Con gran dificultad se levantó Mauricia del suelo y recogió su ropa. Al
ponerse en pie pareció recobrar parte de su furor.

«Que se te queda este lío».

--Las botas, las botas. La tarasca lo recogió todo. Ya salía sin decir
nada, cuando Guillermina la miró severamente.

«¡Pero qué mujer esta! Ni siquiera sabe salir con decencia».

Iba descalza, cogidas las botas por los tirantes.

--Póngase usted las botas--le gritó la Superiora.

--No me da la gana. Abur... ¡Son todas unas judías pasteleras...!

--Paciencia, hija, paciencia... necesitamos mucha paciencia--dijo Sor
Natividad a sus compañeras, tapándose los oídos.

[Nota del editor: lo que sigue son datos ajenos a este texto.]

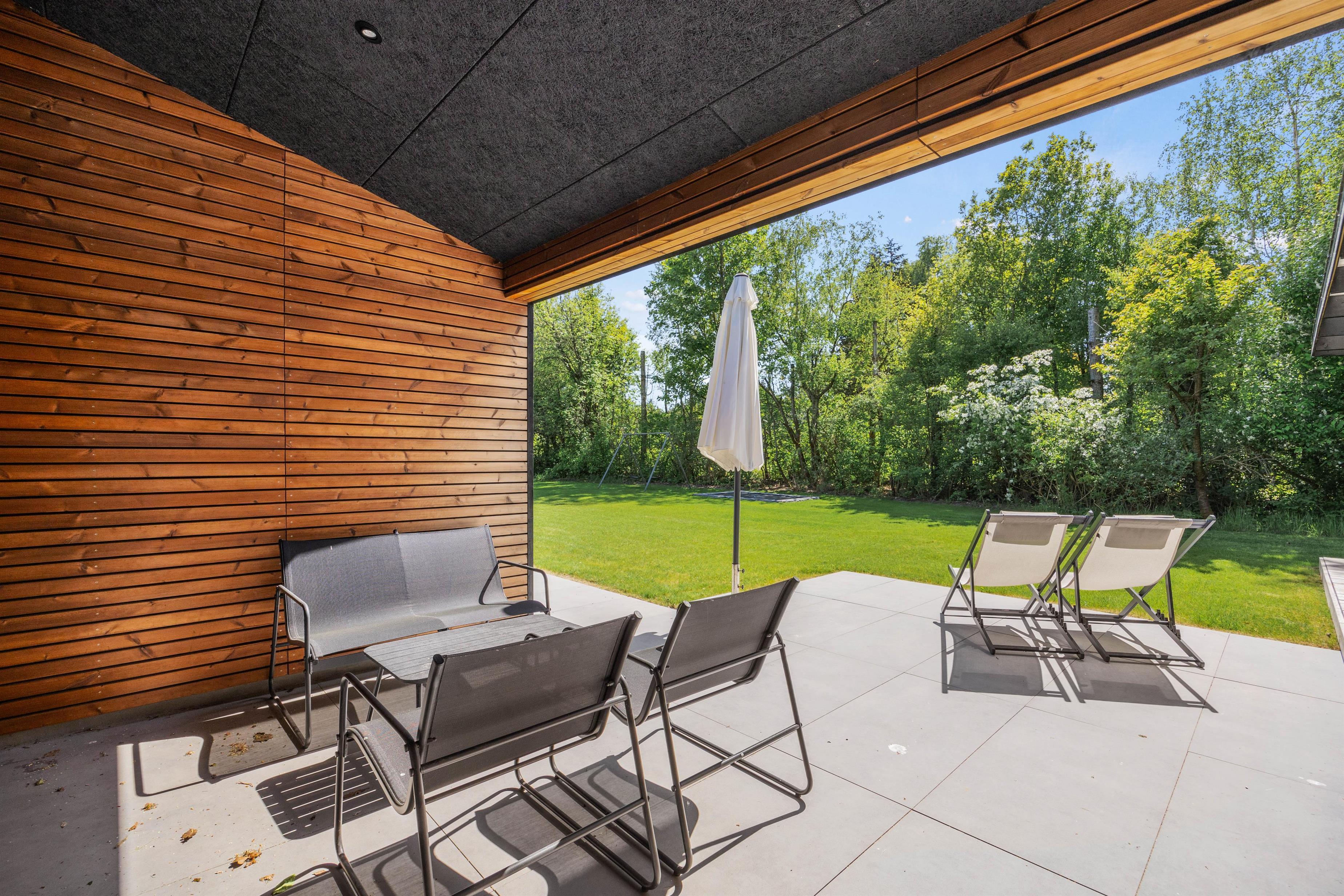 Udearealerne omkring sommerhuset giver jer fantastiske muligheder for at nyde den friske luft og de naturskønne omgivelser, som Jegum Ferieland har at byde på. Den overdækkede terrasse er et ideelt sted at starte dagen med en kop kaffe eller afslutte den med et godt glas vin, mens I lader udsigten over den fredelige natur synke ind.
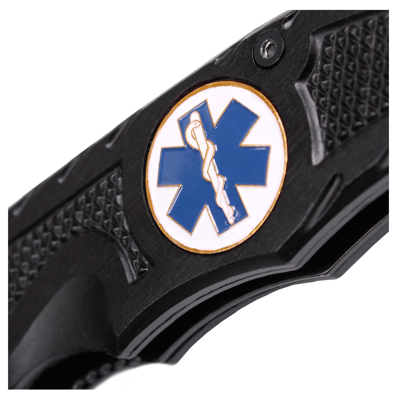 Na jednej stronie znajduje się symbol medycyny i farmacji, po drugiej praktyczny klips, dzięki któremu nóż można zaczepić nóż na ubraniu, aby zawsze był pod ręką.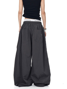 美式复古抽绳褶皱速干伞兵裤男女新款松弛感宽松休闲百搭阔腿裤潮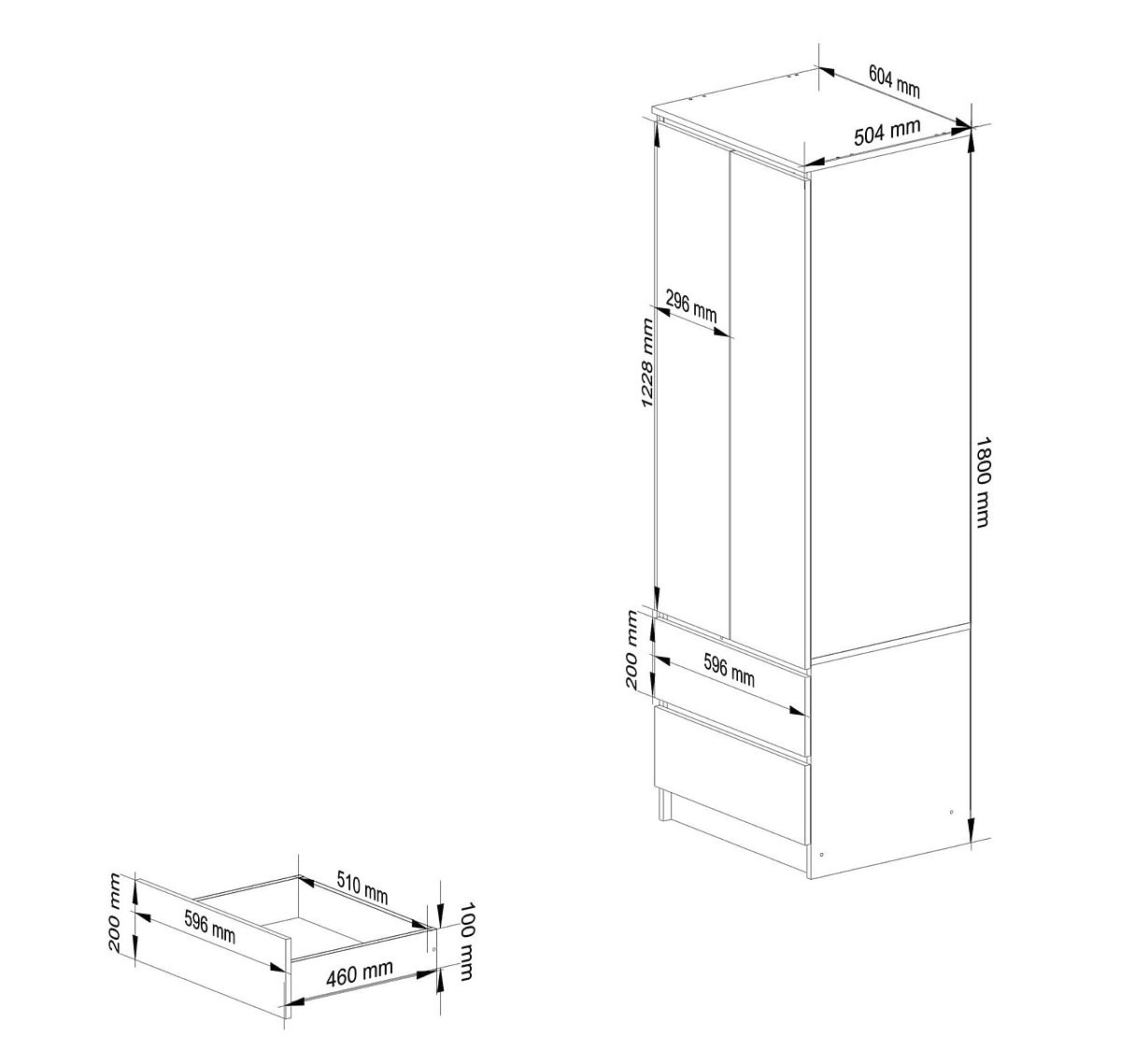 STAR K60 SZEKRÉNY, 2 AJTÓ, 2 FIÓK Készült 16 mm-es kopásálló laminált lapból.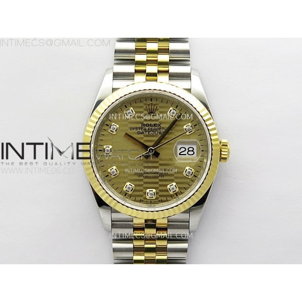DateJust 36 SS 126233 904L SS/YG VSF 1:1 Best Edition Gold Fluted Dial Diamonds Markers on Jubilee Bracelet VS3235 > Rolex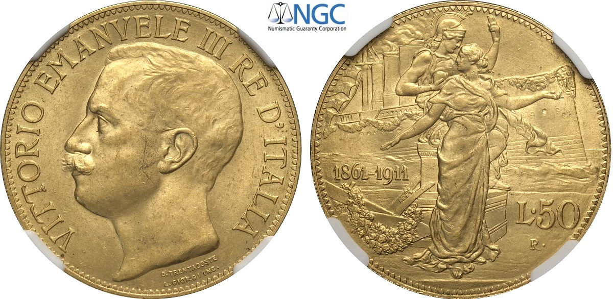 Regno d'Italia, Vittorio Emanuele III (1900-1943), 50 Lire 1911, Rara Au 28 mm , in Slab NGC MS63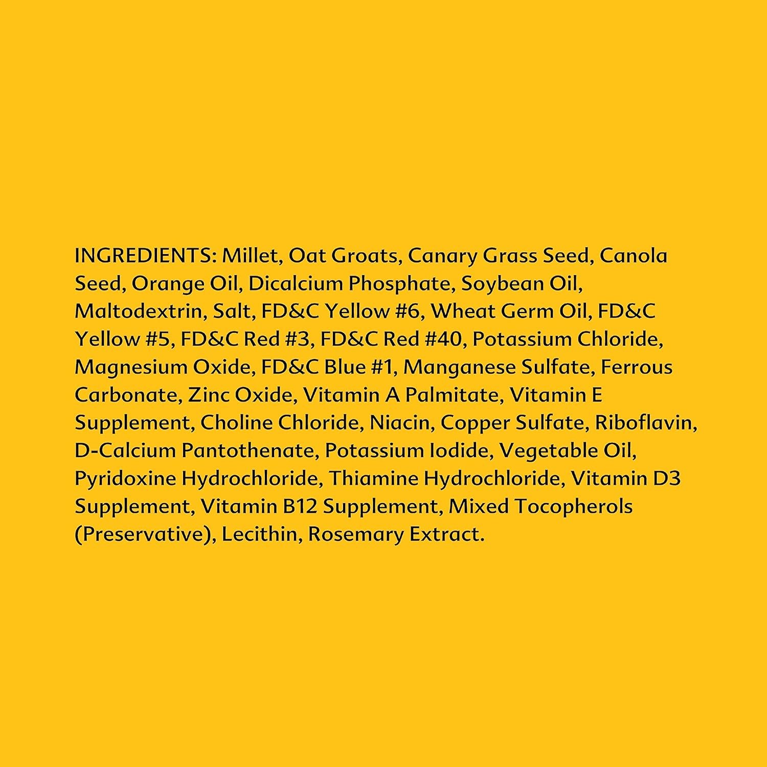 Wild Harvest™ bird and small animal products offer a full assortment of nutrition and interactive engagement products for your daily bird and small animal needs. We’re committed to providing your birds and small pets with a complete diet containing the vitamins, minerals and nutrients they need for a happy, healthy life. Wild Harvest Daily Blend Nutrition Diet for parakeets, canaries and finches is a quality seed blend with field delights such as red and white millet, canary grass seed and select grains. Orange essence adds extra flavor to this great-tasting blend. Specially formulated and enriched with vitamins and minerals, Wild Harvest Daily Blend Nutrition Diet provides the perfect balance these small birds need to promote optimum health. Fill seed cup daily with fresh seed. Be sure to remove remains and empty hulls of consumed seeds. If changing from another food, see label for adjustment chart. Keep a supply of fresh water available. Includes barrier bag for sealed-in freshness. For maximum freshness, store in a cool, dry location, preferably off flooring.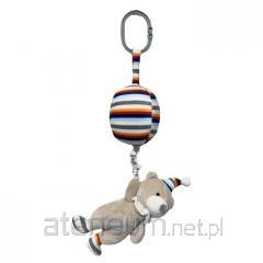 Funkcje: po naciśnięciu na przycisk słychać kołysankę, serduszko miga na czerwono, szeleści, grzechotka, nóżki jako gryzaki, dł. zabawki 33 cm, 0+

Se le franquearon todas las puertas, abriéndolas de par en par y
resguardándose tras las hojas de ellas, como se abren las puertas del
toril para que salga la fiera a la plaza. La última que cambió algunas
palabras con ella fue Fortunata, que la siguió hasta el vestíbulo movida
de lástima y amistad, y aún quiso arrancarle alguna declaración de
arrepentimiento. Pero la otra estaba ciega y sorda; no se enteraba de
nada, y dio a su amiga tal empujón, que si no se apoya en la pared cae
redonda al suelo.

Salió triunfante, echando a una parte y otra miradas de altivez y
desprecio. Cuando vio la calle, sus ojos se iluminaron con fulgores de
júbilo y gritó: «¡Ay, mi querida calle de mi alma!». Extendió y cerró
los brazos, cual si en ellos quisiera apretar amorosamente todo lo que
veían sus ojos. Respiró después con fuerza, parose mirando azorada a
todos lados, como el toro cuando sale al redondel. Luego, orientándose,
tiró muy decidida por el paseo abajo. Era cosa de ver aquella mujerona
descalza, desgarrada, melenuda, despidiendo de sus ojos fiereza, con un
lío bajo el brazo y las botas colgando de una mano. Las pocas personas
que por allí pasaban, miráronla con asombro. Al llegar junto a los
almacenes de la Villa, pasó junto a varios chicos, barrenderos, que
estaban sentados en sus carretillas con las escobas en la mano.
Tuviéronla ellos por persona de poco más o menos y se echaron a reír
delante de su cara napoleónica.

«Vaya, que buena _curda_ te llevas, ¡oleeé!...».

Y ella se les puso delante en actitud arrogantísima, alzó el brazo que
tenía libre y les dijo:

«¡Apóstoles del error!».

Prorrumpiendo al mismo tiempo en estúpida risa, pasó de largo. A los
barrenderos les hizo aquello mucha gracia, y poniéndose en marcha con
las carretillas por delante y las escobas sobre ellas, siguieron detrás
de Mauricia, como una escolta de burlesca artillería, haciendo un ruido
de mil demonios y disparándole bala rasa de groserías e injurias.